• _Dataset extract_
- - -

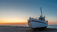 Koop de foto Visserboten op het Deense strand bij zonsondergang. van Menno Schaefer als print op canvas, aluminium dibond, (ingelijste) fotoprint, behang en ArtFrame. Voor jou op maat geprint in Fine-Art kwaliteit.
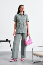 Туника полуприлегающего силуэта . Спинка со средним швом и талиевыми вытачками. По переду выполнены нагрудные вытачки, которые выходят из боковых швов. Низ туники ассиметричной формы. Вырез горловины округлой формы. Брюки прямые, слегка зауженные к колену. На притачном поясе сзади с резинкой. Брюки с карманами. Застежка на тесьму молнию. Костюм декорирован съемной брошью.
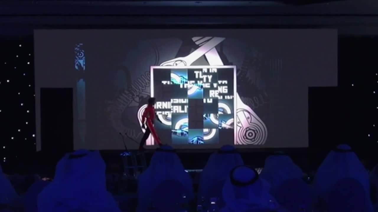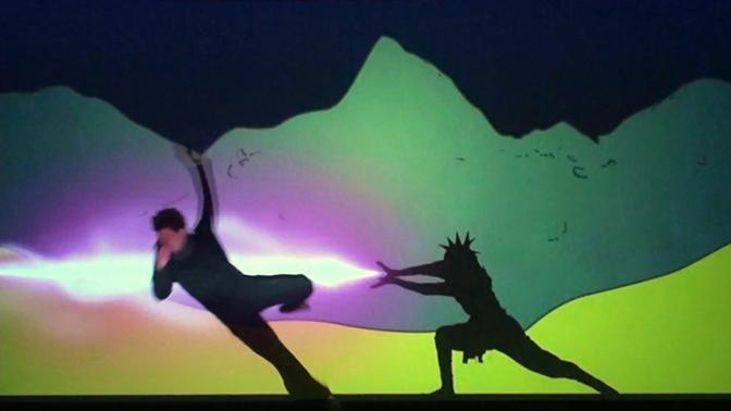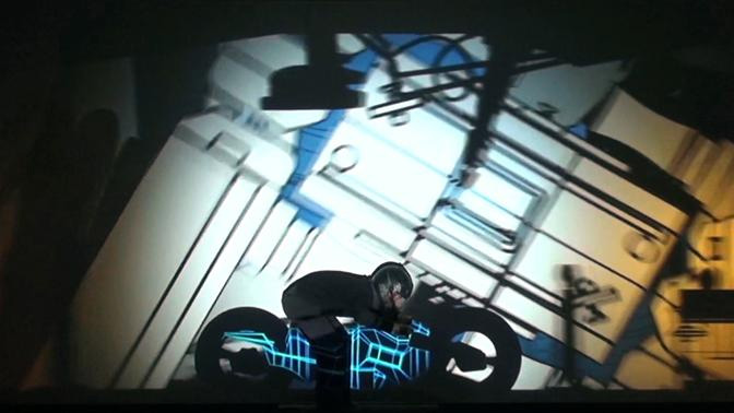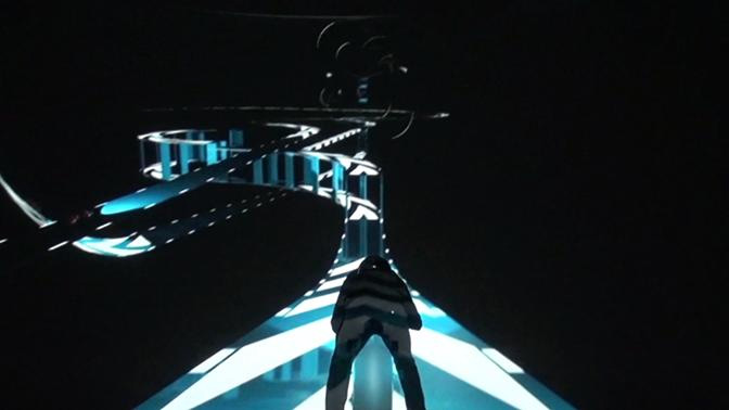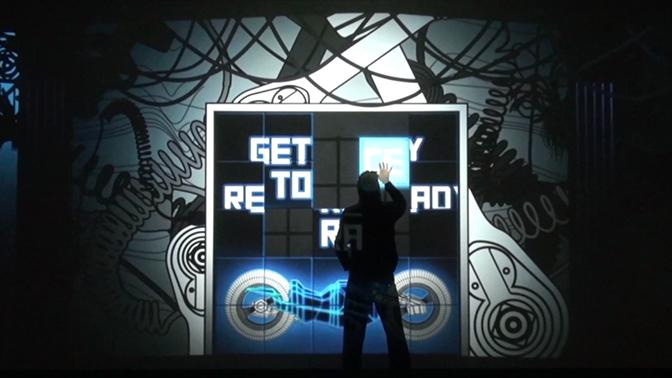 The performer sets foot on stage and presses the Play-button on the screen. From then on, he is trapped in a mystical game-world where he becomes the player and must interact with the environment in order to survive. The only thing he knows: he must find the treasure.

- - -

• _Assignment_
Copy the listing exactly. No images belong in the copy.

• _Task solution_
 Koop de foto Visserboten op het Deense strand bij zonsondergang. van Menno Schaefer als print op canvas, aluminium dibond, (ingelijste) fotoprint, behang en ArtFrame. Voor jou op maat geprint in Fine-Art kwaliteit.
 Туника полуприлегающего силуэта . Спинка со средним швом и талиевыми вытачками. По переду выполнены нагрудные вытачки, которые выходят из боковых швов. Низ туники ассиметричной формы. Вырез горловины округлой формы. Брюки прямые, слегка зауженные к колену. На притачном поясе сзади с резинкой. Брюки с карманами. Застежка на тесьму молнию. Костюм декорирован съемной брошью.
 The performer sets foot on stage and presses the Play-button on the screen. From then on, he is trapped in a mystical game-world where he becomes the player and must interact with the environment in order to survive. The only thing he knows: he must find the treasure.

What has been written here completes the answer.